But what should we call it?
Cambridge Consultants is a product and technology developer
operating out of two locations on opposite sides of the Atlantic,
both in Cambridge. The answer to that weak brainteaser, of
course, is that one office is in Cambridge, Mass., and the other
Cambridge, England, making the choice of name almost a given.
The firm was founded in 1960 by Tim Eiloart, David Southward and
Rodney Dale, all Cambridge University alumni looking to bring some
academic rigor to the business world. In 1971, it was picked
up by the consultancy Arthur D. Little, resulting in a 30-plus-year
relationship that ended (or was significantly altered, anyway) only
when Arthur D. Little went bankrupt in 2002, and sold off certain
assets and business units. The French company Altran stepped
in, acquiring the Arthur D. Little name and partially funding
Cambridge's management in retaking ownership of their firm.
As a result, Cambridge acts as an independent entity within
Altran's network of companies.
Little brother office makes good
The Cambridge, Mass., office opened its doors in 2004, and the
firm has since seen its revenue from U.S. activities rise to 50
percent of its full annual take. As a result, Cambridge has
prioritized expansion in America, even relocating the headquarters
to the younger Cambridge in June 2007. Subsequent steps in
the plan include hiring new staff and seeking acquisitions
Stateside. CEO Brian Moon has also publicly stated that the
firm intends to partner with Boston-area companies in the creation
of new startups.
The firm's services include developing products, creating and
licensing intellectual property, and advising on technology for
international clients. Some of the sectors it serves are the
automotive, consumer products, health care, industrial products,
wireless communication, transport, semiconductor and defense
industries. Cambridge has a reputation for being innovative,
and employs over 200 engineers and scientists to "combine creative
thinking with technical acumen."
The firm has developed a series of processes by which it explores
the possibility of creating a breakthrough product for a
client. These processes are "visioning," a simulation of
three distinct strategic directions for the client that can be
distilled into a single, best choice; research portfolio creation,
wherein consultants assemble the various research and development
projects that will best serve a client's goals; structured idea
management, or an attempt to gain full support within an
organization for a new concept, no matter how radical; and
optimized-for-innovation QFD (quality function deployment), an
assessment of the new concept meant to determine what must be
changed or traded out before implementation.
We can rebuild it
Cambridge's technology consulting practice has a few success
stories up its sleeve. In a project for Bayer Healthcare, the
firm was asked to correct a design flaw in the company's Clinitek
Status point-of-care urinalysis instrument.
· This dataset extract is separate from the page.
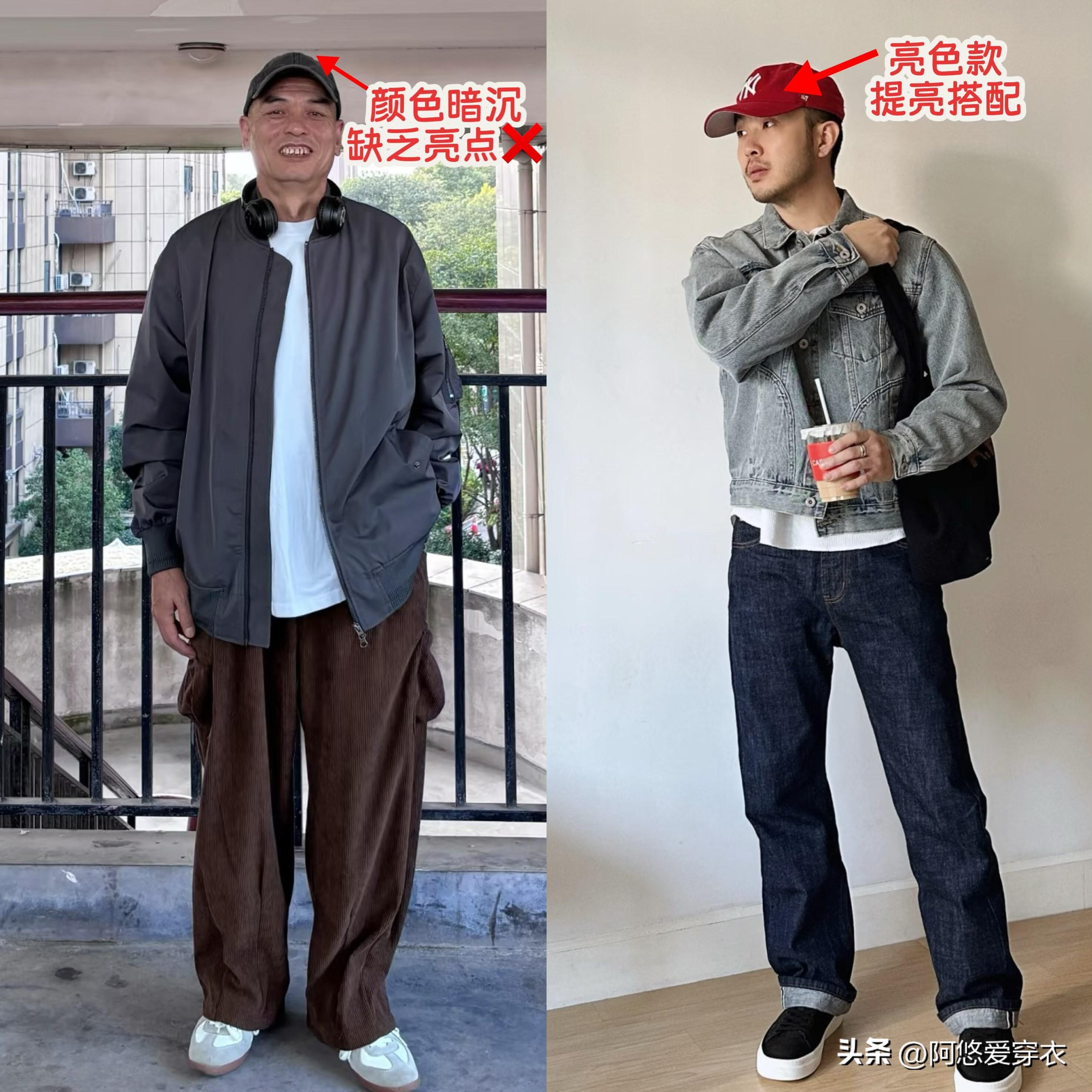 ②暗沉色衣服搭配亮色棒球帽,提亮造型

Cambridge
isolated a mechanical problem in the instrument and developed a new
design that could be incorporated into the client's manufacturing
process without a significant increase in lead time or cost.
Following the project, the urinalysis product entered clinical
trials and later enjoyed a successful market launch.
In a project for an automotive industry supplier, the firm was
charged with developing a design process for the client's prototype
hydrogen sensor that would satisfy the industry's safety
standards. Cambridge set about the task with an additional
goal of ensuring that the new process and supply chain would not
compromise the overall quality of the product. The ultimate
outcome was a hydrogen sensor that held up under evaluation both by
safety inspectors and by customers. The firm also assisted
the client by investigating alternative markets for a family of
products based on modified versions of the technology.
In February 2009, the firm announced that it had signed a
framework agreement with the University of Oxford to tackle a
significant problem from the world of science: providing design
services and industrialization advice on a project to develop the
world's largest telescope. Known as the square kilometer
array), the new telescope will apparently be thousands of times
more powerful than the leading specimens today when it is
completed, an event scheduled for 2020. Cambridge's role is
to tackle the problem of "how to condition and process signals from
the square kilometre array's 40,000,000 receivers whilst minimizing
cost and power." Should be a cinch, right?